WHAT IS EXPECTED: Starting with the line that has "2022年11月4日下午,中" and finishing with the line that has "OUTBROOK Insulated Winter", set down each line below exactly. Pictures are not copied.

GIVEN DATA:
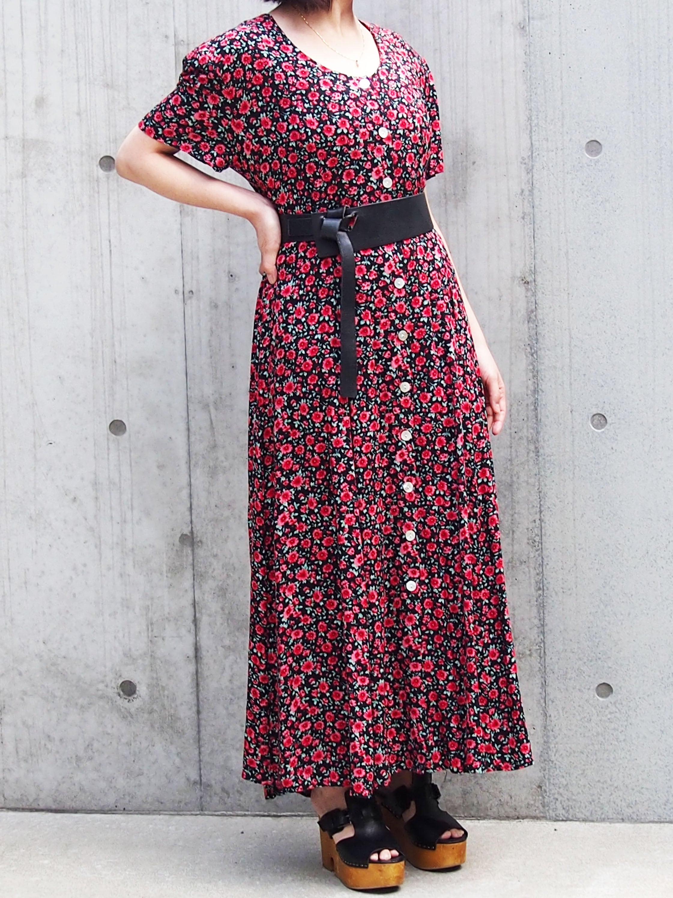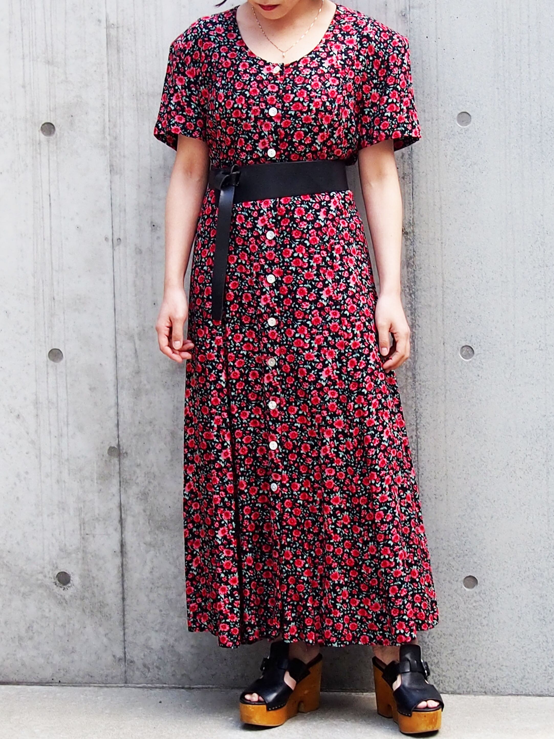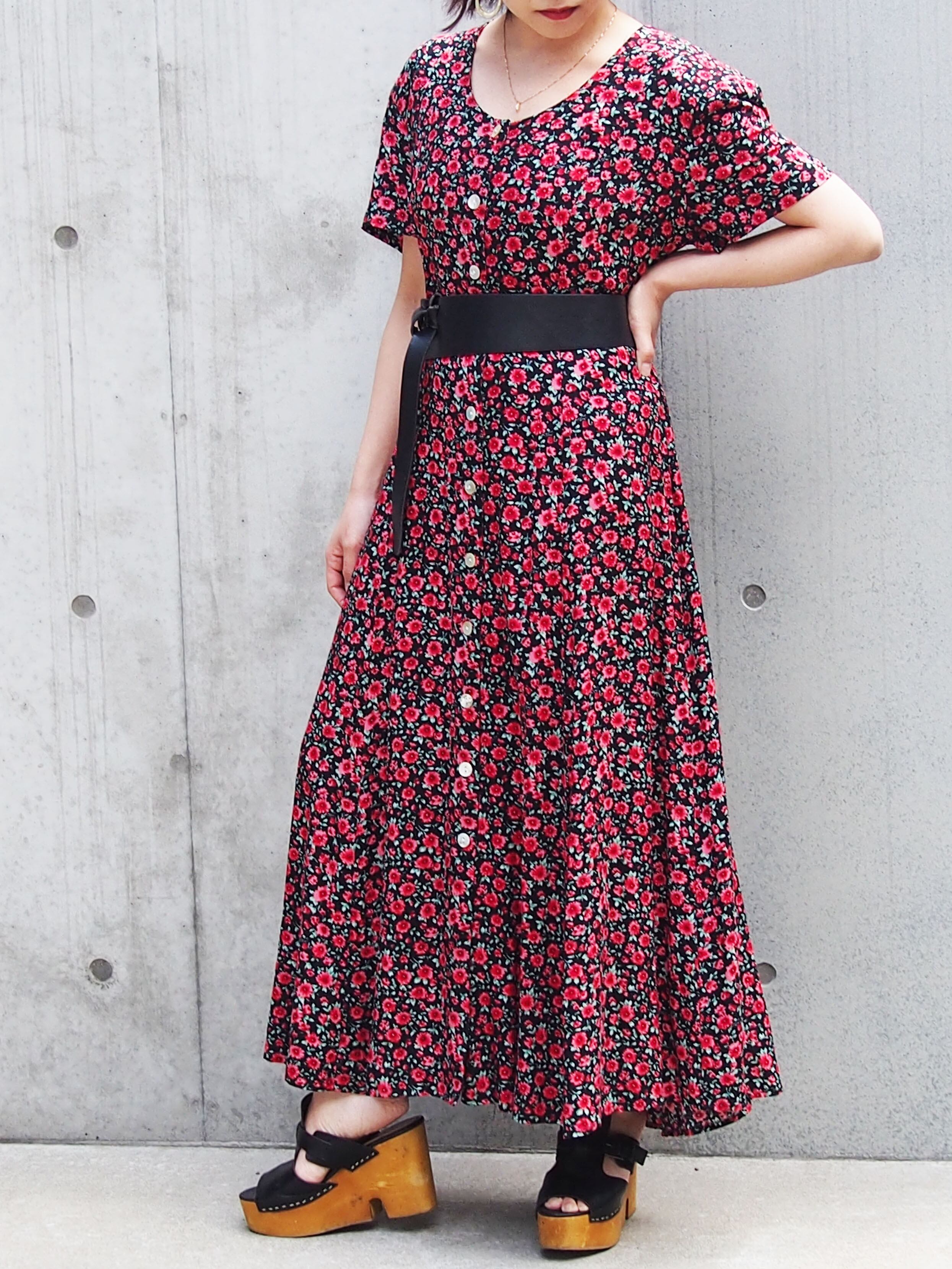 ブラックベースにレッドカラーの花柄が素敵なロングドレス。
---
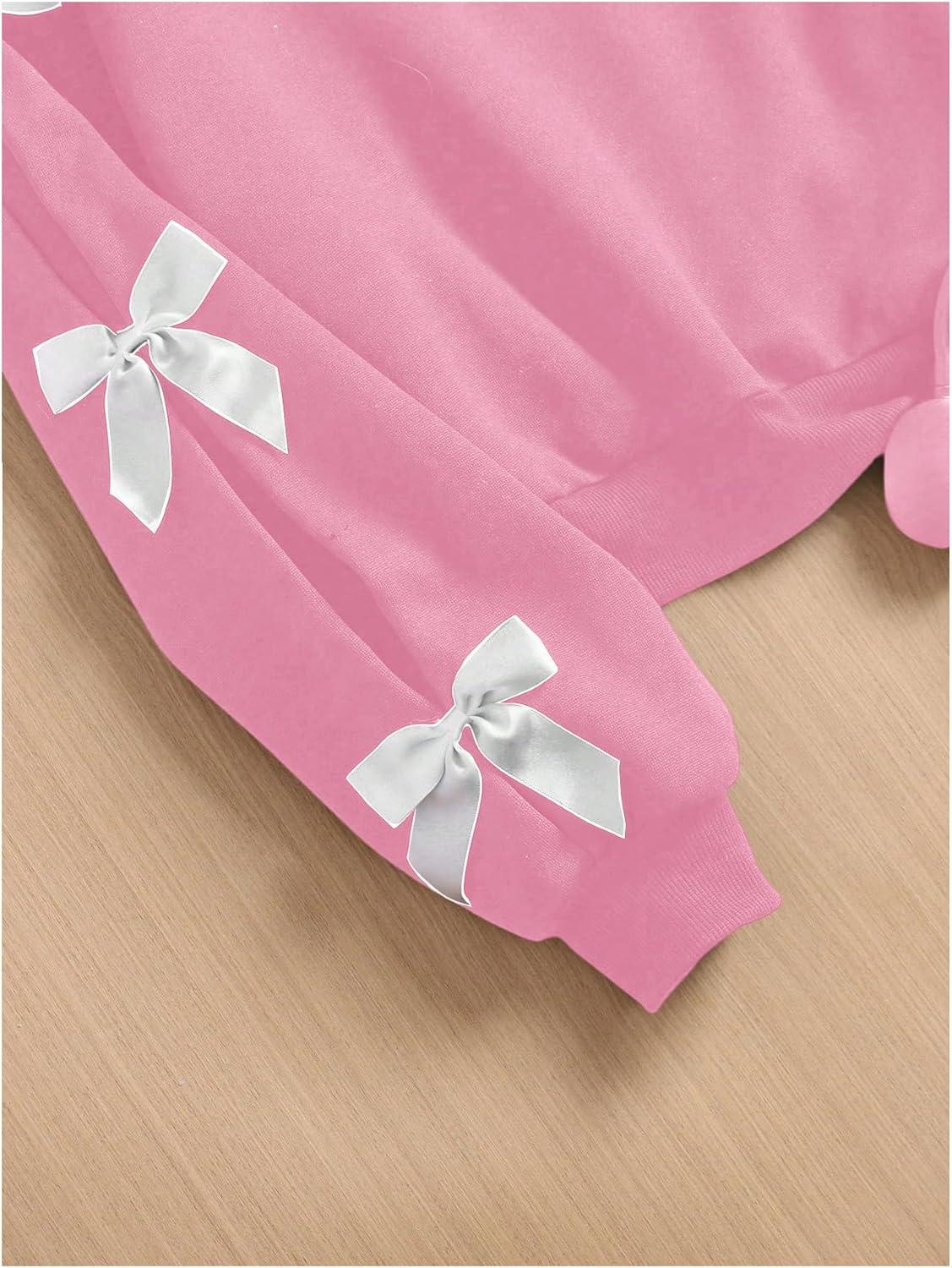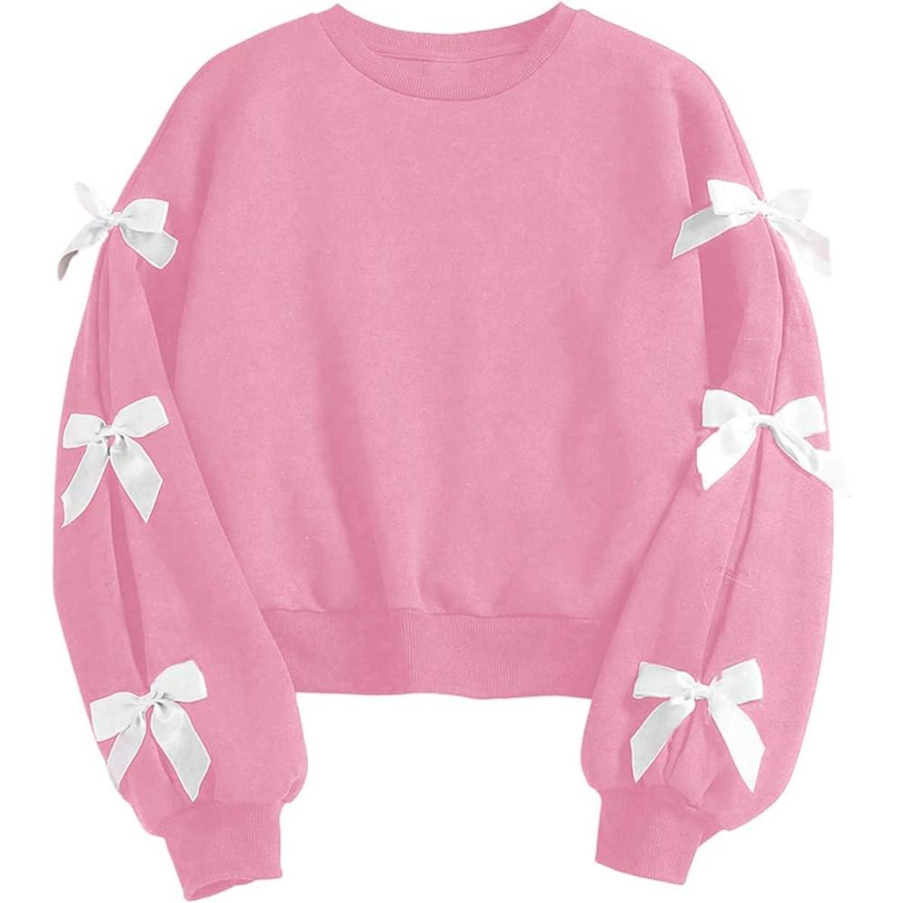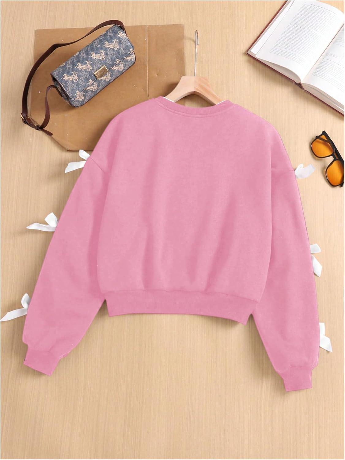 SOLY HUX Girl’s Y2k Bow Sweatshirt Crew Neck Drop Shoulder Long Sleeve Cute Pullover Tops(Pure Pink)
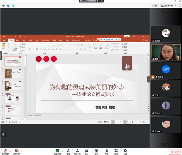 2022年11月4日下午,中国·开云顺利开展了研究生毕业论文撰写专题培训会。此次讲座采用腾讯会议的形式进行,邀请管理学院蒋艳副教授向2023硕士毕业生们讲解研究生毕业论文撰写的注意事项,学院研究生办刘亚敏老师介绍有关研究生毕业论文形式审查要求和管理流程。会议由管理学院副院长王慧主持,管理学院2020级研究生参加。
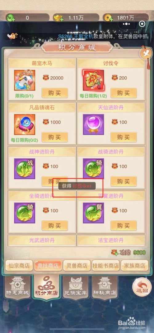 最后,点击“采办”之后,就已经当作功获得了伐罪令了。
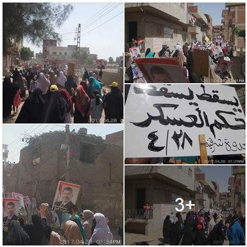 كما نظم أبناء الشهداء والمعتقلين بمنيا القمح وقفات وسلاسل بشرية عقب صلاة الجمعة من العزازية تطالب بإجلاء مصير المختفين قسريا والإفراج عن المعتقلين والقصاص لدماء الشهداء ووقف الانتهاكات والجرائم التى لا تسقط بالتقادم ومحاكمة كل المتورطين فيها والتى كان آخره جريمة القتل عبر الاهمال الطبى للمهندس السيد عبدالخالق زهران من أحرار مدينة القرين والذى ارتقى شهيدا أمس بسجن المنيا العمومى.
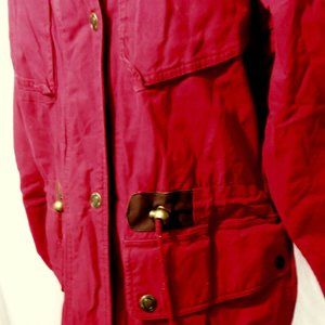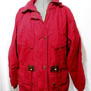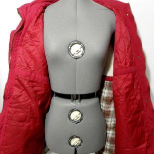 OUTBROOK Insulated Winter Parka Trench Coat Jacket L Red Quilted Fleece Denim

YOUR RESPONSE:
 2022年11月4日下午,中国·开云顺利开展了研究生毕业论文撰写专题培训会。此次讲座采用腾讯会议的形式进行,邀请管理学院蒋艳副教授向2023硕士毕业生们讲解研究生毕业论文撰写的注意事项,学院研究生办刘亚敏老师介绍有关研究生毕业论文形式审查要求和管理流程。会议由管理学院副院长王慧主持,管理学院2020级研究生参加。
 最后,点击“采办”之后,就已经当作功获得了伐罪令了。
 كما نظم أبناء الشهداء والمعتقلين بمنيا القمح وقفات وسلاسل بشرية عقب صلاة الجمعة من العزازية تطالب بإجلاء مصير المختفين قسريا والإفراج عن المعتقلين والقصاص لدماء الشهداء ووقف الانتهاكات والجرائم التى لا تسقط بالتقادم ومحاكمة كل المتورطين فيها والتى كان آخره جريمة القتل عبر الاهمال الطبى للمهندس السيد عبدالخالق زهران من أحرار مدينة القرين والذى ارتقى شهيدا أمس بسجن المنيا العمومى.
 OUTBROOK Insulated Winter Parka Trench Coat Jacket L Red Quilted Fleece Denim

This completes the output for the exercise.